Well, that’s a useful idea to explain all kinds of things and is probably true in many circumstances, but is it an “iron law?” Just like Leibniz’s fundamental theorem of calculus? Probably not in the exact sense, right?
First of all, Michels based his study on European political parties and labor unions, but what if the human community is REALLY large? Like one-third of a billion people? Can an elite coordinate to such a scale? How do you know? In any case, it would need to be a large elite, just assuming linear proportion. But then shouldn’t the elite itself be a community ruled by a smaller elite? And what about that smaller elite? Who rules it?
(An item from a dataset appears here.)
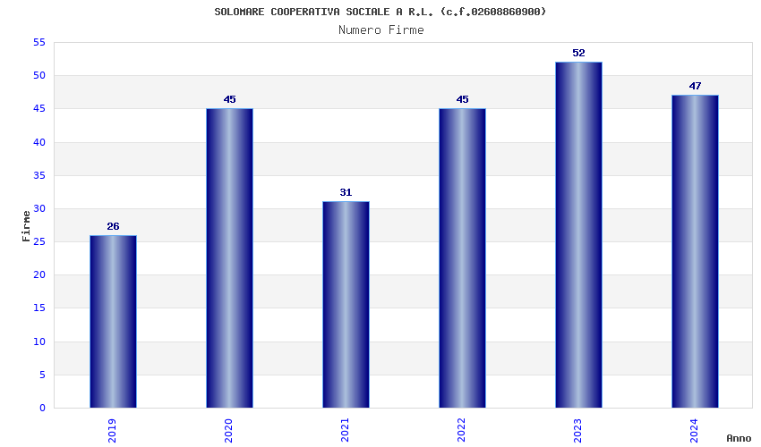 | Anno | Firme | Importi | Media | Naz. | Reg. | Prov. | Comu. |

Also, wouldn’t a very large community with a very large elite sometimes break into factions? Into a kind of distributed elite? How exactly does that happen? Shouldn’t we apply a sort of fluid mechanics model to this? So again, we have to assign a kind of probability value here and not take ourselves THAT seriously.
In addition, what exactly is the elite? How monolithic is it? Pareto teaches us that elites may circulate, which means that at least sometimes they refresh themselves with new blood and ideas coming from outside the elite. But if there is influence from outside the elite, then the power of the elite is not absolute, or at least it is constrained by the values and mores of the society from which the elite is picked. So again, there is something a bit more dynamic here.
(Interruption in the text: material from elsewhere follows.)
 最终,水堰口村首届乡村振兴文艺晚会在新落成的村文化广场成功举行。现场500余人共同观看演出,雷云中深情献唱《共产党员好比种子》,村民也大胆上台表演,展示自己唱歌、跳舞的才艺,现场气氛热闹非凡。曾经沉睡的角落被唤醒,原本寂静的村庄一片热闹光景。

In fact, anybody trained in differential equations would find that rather obvious – a process where elements influence each other, change, and as they change influence each other to change more. So to some capacity, assuming the elite circulates, the non-elite influences the elite, the elite influences the non-elite, they both change by this exchange, then influence one another again, etc., etc.
Does the above mean that non-mathematical arguments are useless? Not at all. But as Aristotle teaches us in his Ethics, an argument can only be as precise as the reigning discipline may allow. And in the lebenswelt, the Lifeworld, the realm of human systems, things often do not allow for much precision at all.
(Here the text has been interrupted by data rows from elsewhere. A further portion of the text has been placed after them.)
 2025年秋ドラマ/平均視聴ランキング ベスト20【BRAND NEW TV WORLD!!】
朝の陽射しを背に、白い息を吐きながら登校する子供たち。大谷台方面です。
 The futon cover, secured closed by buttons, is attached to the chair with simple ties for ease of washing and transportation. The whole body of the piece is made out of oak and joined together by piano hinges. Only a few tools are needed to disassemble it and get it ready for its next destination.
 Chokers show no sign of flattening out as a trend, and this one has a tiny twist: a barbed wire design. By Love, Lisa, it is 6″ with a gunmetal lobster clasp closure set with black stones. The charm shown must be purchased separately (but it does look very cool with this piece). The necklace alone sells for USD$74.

Either Madison or Adams, I don’t have time to check the source right now, proclaimed enthusiastically that the ideas of Montesquieu were an “iron law,” a geometric truth just as eternal as the laws of Euclid. But do we really believe that is the case? Are checks and balances a “geometric truth?” No, they are not. [P.S. It was Jefferson].
The way to learn prudently is not to adopt ideas in a dogmatic totality, but to draw inspiration. To discern, to review, and to see how things apply to one’s experience, and always with much skepticism and a grain of salt.
So in an age where most lack even the memory of a solid educational foundation, we should be very careful when making sweeping oh-so-profound assertions regarding the human condition. This actually asserts the ever-true wisdom of the ancients that one should not dabble in philosophy before the age of 40.
There is a pretense of knowledge in too many numbers, and there is definitely a pretense in too many words.